Since the start of the Iran war and up until May 15, the Chinese yuan has strengthened by about three-quarters of one percent against the dollar. The Japanese yen, Swiss franc and euro all weakened. The pound sterling was roughly flat. More oil-exposed currencies, including the Republic of Korea's won and the Indian rupee, fell much more sharply.
A photo showing economic triple-lows: (R-L) the Nikkei Stock Average, the exchange rate between the US dollar and the Japanese yen, and the 10-year government bond yield in Tokyo, Japan, April 30, 2026. /VCG
What makes the yuan's performance interesting is not that it has suddenly displaced the safe-haven currencies. It clearly has not. The renminbi still faces capital-account management, limited offshore liquidity, and the fact that most global reserves remain concentrated in dollar assets. A safe-haven currency is not created by one episode.
But this episode may still matter because a safe-haven status does not arrive all at once. It is accumulated through repeated moments when markets discover, under stress, which economies offer resilience, policy credibility, and insulation from the particular shock at hand. In this crisis, the shock is not primarily about abstract geopolitical fear. It is about access to energy, exposure to imported oil, and the ability of an economy to absorb a physical supply disruption. On those terms, China looks more resilient and even antifragile than many other large importers. Solar, wind, nuclear, hydro, coal, a growing electrified industrial base, and diversified oil imports give China a broader energy buffer than economies that more tightly exposed to imported petroleum.
The broader implication from CF40's research is that the definition of a safe-haven may be changing. Currency safety is often equated with the depth of Western financial markets, central-bank credibility, and the availability of highly liquid government securities. Those factors still matter enormously. Yet in a world of sanctions risk, fractured supply chains, commodity chokepoints, and weaponized financial infrastructure, markets may increasingly treat real-economy resilience as part of the safe-haven equation. A currency backed by industrial capacity, energy diversification, policy continuity, and a large domestic savings base can begin to acquire a different kind of defensive value.
Rows of photovoltaic panels convert clean solar energy into green electricity in Taiping Village, Chaohu, Anhui Province, China, May 15, 2026. /VCG
This does not mean that the renminbi is already a full safe-haven currency. It means the yuan may be developing situational safe-haven characteristics. Its appeal may be strongest not in every risk-off episode, but in shocks where China's structural advantages are directly relevant such as energy security, manufacturing continuity, trade, infrastructure capacity, and state balance-sheet flexibility.
The test now is whether this behavior repeats.
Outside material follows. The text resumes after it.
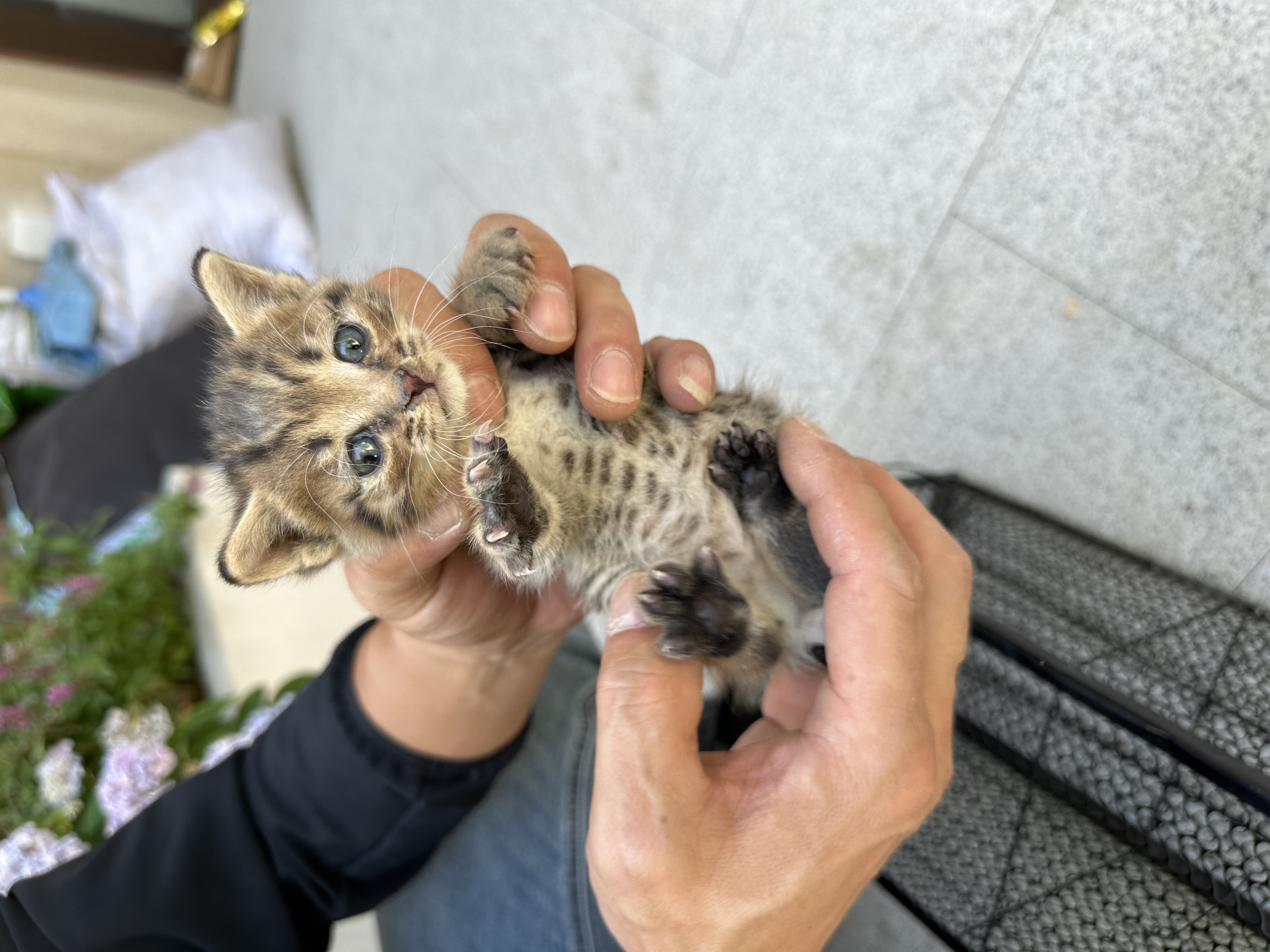 刚从墙里救出来的小狸花猫,主人给他取名“李北豹”(小名“抱抱”)

If future geopolitical shocks continue to produce yuan outperformance relative to China's measured external challenges, then the current episode will look less like an anomaly and more like the early stage of a market reclassification. Safe-haven currencies are ultimately built by habit. Investors run toward them because, in previous crises, they worked. The CF40 findings suggest that the renminbi may have just passed one of those early crisis tests.
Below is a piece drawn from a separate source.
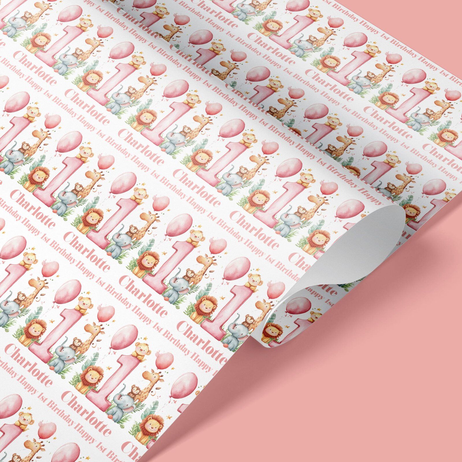 1st Birthday Pink themed Safari Animals Wrapping Paper

The US dollar remains the incumbent global haven. But the hierarchy of global currency safety may be becoming less automatic and more conditional. In a world where the next crisis may be a supply-chain shock, an energy shock or sanctions shock rather than a conventional financial panic, the currencies that outperform may not necessarily be just the ones with the longest safe-haven reputations. Markets may also look to economies that can keep producing, trading, and absorbing shocks when the system is under pressure. On these measures, the Chinese yuan's performance deserves attention.